Three things you cannot include in a prenuptial agreement

A prenuptial agreement, also known as a prenup, can be a wonderful tool for couples who are hoping to get married. This legally-binding contract allows a couple to define the financial terms of their upcoming marriage, protect assets and outline the expectations should the marriage end in a divorce. In other words, a prenuptial agreement provides the impetus for a couple to talk about their finances before tying the knot.

However, a prenuptial agreement cannot contain everything you want. Including certain terms would make the contract null and void. Here are some of the provisions you cannot include in the prenup agreement.

Family court issues

You cannot include anything related to the future of your children and marriage in the prenup agreement. Specifically, you cannot include child support and related items like custody in the prenuptial agreement. 

Illegal provisions

While this may seem like common sense, most people overlook it. You cannot include anything illegal in the prenuptial agreement. For instance, your prenup cannot invalidate or override existing statutes, Neither can it contain a provision that requires the other spouse to commit a criminal act in return for something.

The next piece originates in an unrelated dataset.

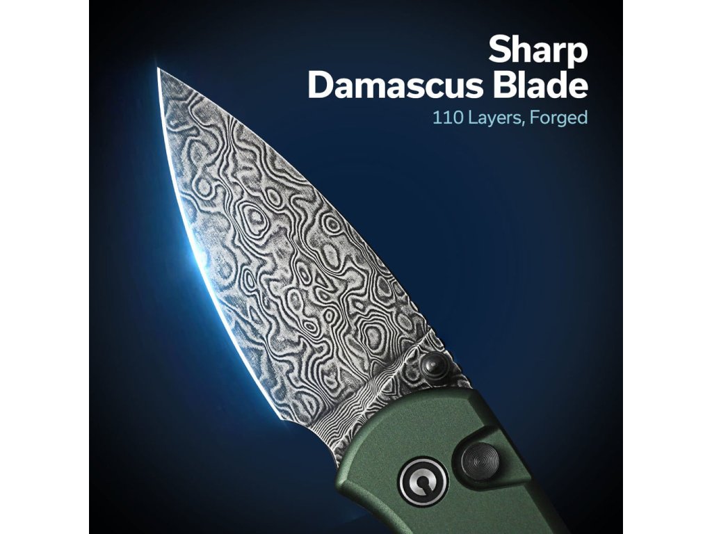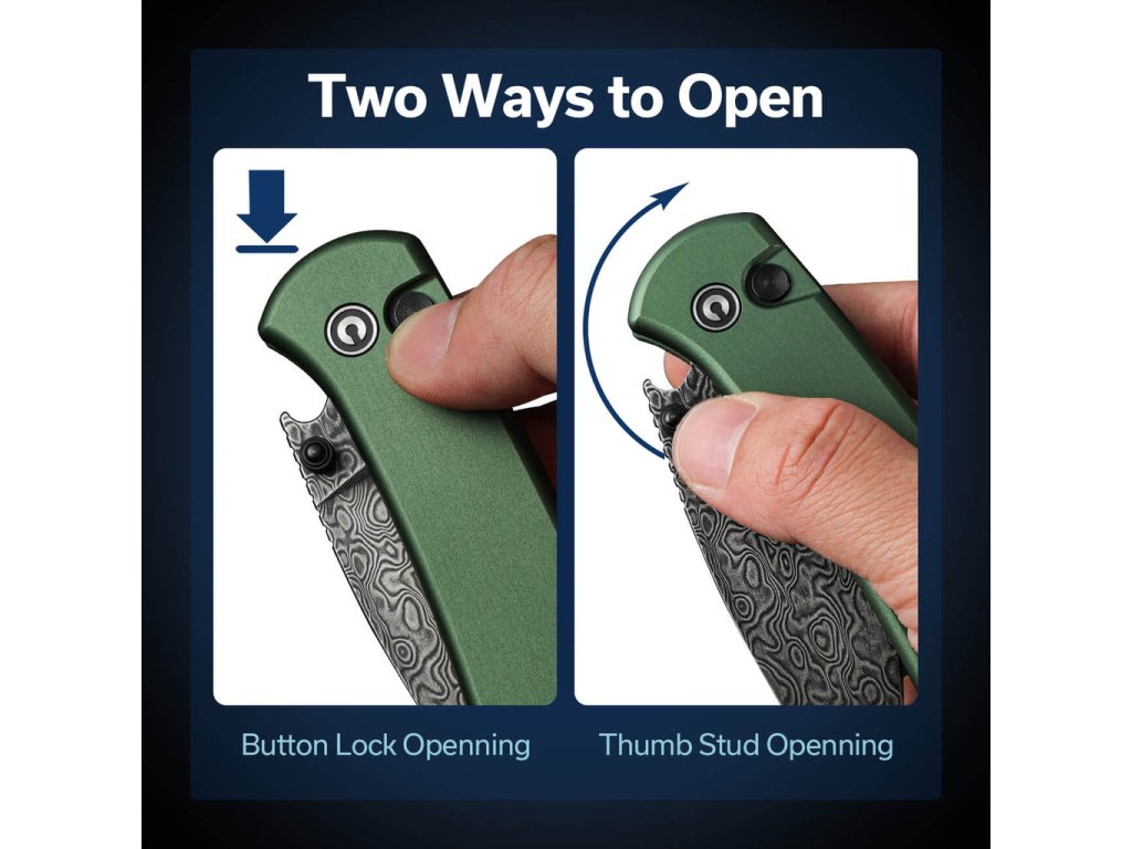 Vă prezentăm un cuțit EDC practic, frumos și fiabil - Civivi Qubit. Qubit Damascus are o lungime totală de 18,3 cm, Lama Damasc are lungimea de 7,6 cm și grosimea de 2,3 mm, o formă drop point și un finisaj hand rubbed. Duritate 58 - 60 HRC. Cuțitul are tăiș flat grind. Lama se deschide cu ajutorul unui buton sau a unui știft pentru degetul mare (thumb stud). Este blocată în poziție deschisă de un sistem de blocare tip buton lock. Rețineți că blocarea lamei este realizată cu un arc sub buton, care asigură o tensiune adecvată, astfel încât să existe o rezistență suficientă pentru a preveni deschiderea accidentală.

Every term in your agreement must adhere to all local, state, and federal laws.

Incentives for divorce

A prenuptial agreement may not include provisions that promote divorce or separation. Remember, prenups are meant to outline the financial terms in the event of a divorce. The contract will be invalidated if it is seen as a direct inspiration for a divorce. For instance, the contract cannot include terms indicating that one party would receive a certain amount of assets should the marriage end in a divorce.

A prenuptial agreement can help a couple streamline their finances before getting into marriage. However, it is important to understand what you can or cannot include in this document.